CANBERRA, Australia – China’s ambassador to Australia says relations between the two countries are at a “new turning point” with the election of a new Australian government and the first minister-to-minister talks in more than two year.
Ambassador Xiao Qian gave an optimistic assessment of the potential of the bilateral relationship during a weekend speech to the Australia-China Friendship Society in the west coast city of Perth. The speech was posted Monday on the embassy’s website.
“The international, political and economic landscape is undergoing profound and complex changes. The China-Australia relationship is at a new turning point, facing many opportunities,” Xiao said.
“My Embassy and the Chinese Consulates General in Australia stand ready to work with the Australian Federal Government, state governments and friends from all walks of life to push China-Australia relations on the right track for the benefit of our two countries and two peoples,” Xiao added.
Xiao’s speech on Saturday came a day before Chinese Defense Minister General Wei Fenghe’s hour-long meeting with his Australian counterpart Richard Marles on the sidelines of a regional security summit in Singapore.
Marles described the meeting as a “critical first step” in mending bilateral relations. But observers are careful not to describe the meeting as the thaw of a diplomatic freeze between the countries.
Dennis Richardson, former head of defence, foreign affairs and spy agency Australian Security Intelligence Organization as well as a former Australian ambassador to the United States, noted that the two governments seized their first opportunity to have a ministerial contact since the Australian government changed in the May election. 21.
Bilateral relations had deteriorated during the nine years that a conservative coalition was in power.
“The fact that they agreed to speak at the very first opportunity is remarkable,” Richardson told the Australian Broadcasting Corp on Monday.
“I don’t think we should go too far down the track on this. We have a long way to go,” added Richardson.
Malcolm Davis, senior defense strategy and capability analyst at the Australian Strategic Policy Institute think tank, cautioned against overstating the importance of the meeting.
“They had an hour-long meeting where they exchanged, frankly and fully, their respective views. This does not amount to restoring the status quo ante of the Australian relationship as it existed before 2015, when the relationship was reasonably good,” Davis said.
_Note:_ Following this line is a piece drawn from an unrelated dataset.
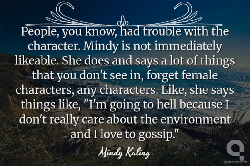 People, you know, had trouble with the character. Mindy is not immediately likeable. She does and says a lot of things that you don't see in, forget female characters, any characters. Like, she says things like, "I'm going to hell because I don't really care about the environment and I love to gossip."
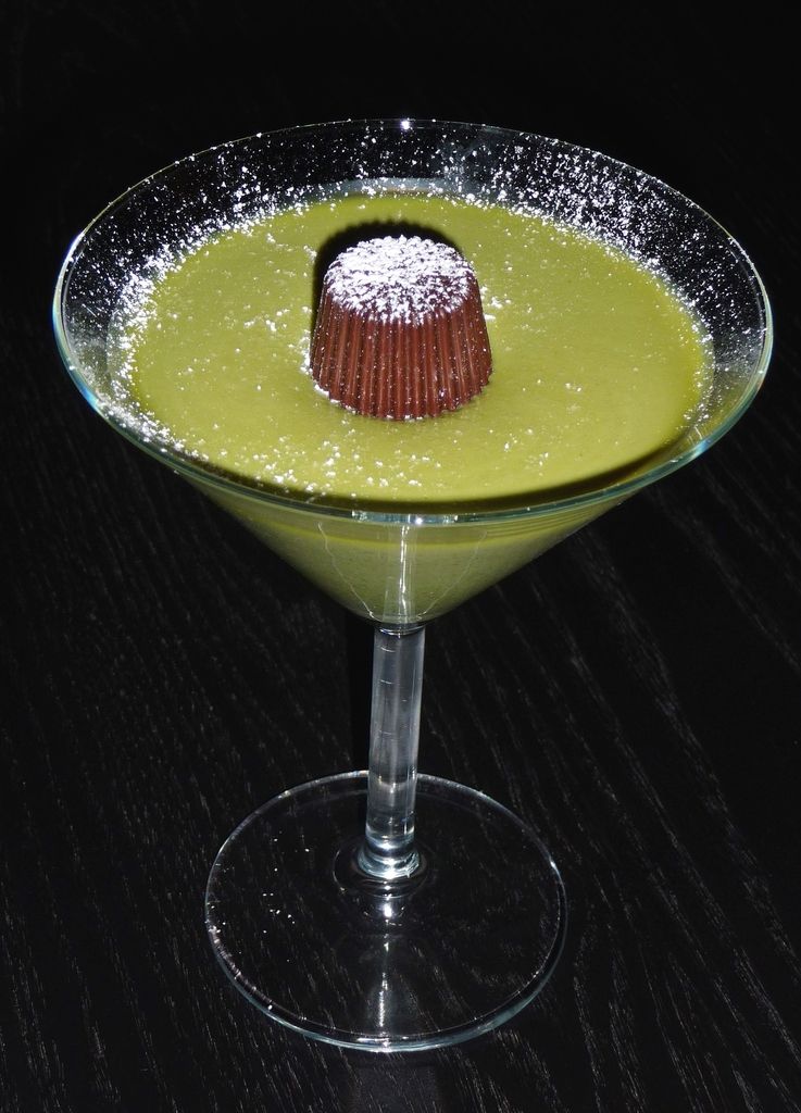 4) Verser immédiatement la crème dans les verrines en la filtrant à travers une petite passoire. Laisser tiédir.

Chinese Premier Li Keqiang wrote to congratulate Australian Prime Minister Anthony Albanese days after his election victory in a move seen by some as China seeking to reset relations.
Albanese responded by urging China to show goodwill by lifting a series of official and unofficial trade barriers created in recent years for a range of Australian exports worth billions of dollars, including coal, wine, barley, beef and seafood.
Bates Gill, a Macquarie University expert on Chinese foreign policy, suspected that Beijing would not budge on trade sanctions.
“There should be a price for Australia to accept Chinese demands. I just don’t think current policy will allow that,” Gill said.
Bilateral relations reached new depths at the start of the pandemic when Australia called for an independent inquiry into the origins and responses to COVID-19.
China’s latest ambassador to Australia has adopted a more conciliatory tone since arriving in Canberra in January than his predecessor, Cheng Jingye.
Cheng warned in 2020 against Chinese trade boycotts if Australia persisted in its call for a COVID-19 investigation.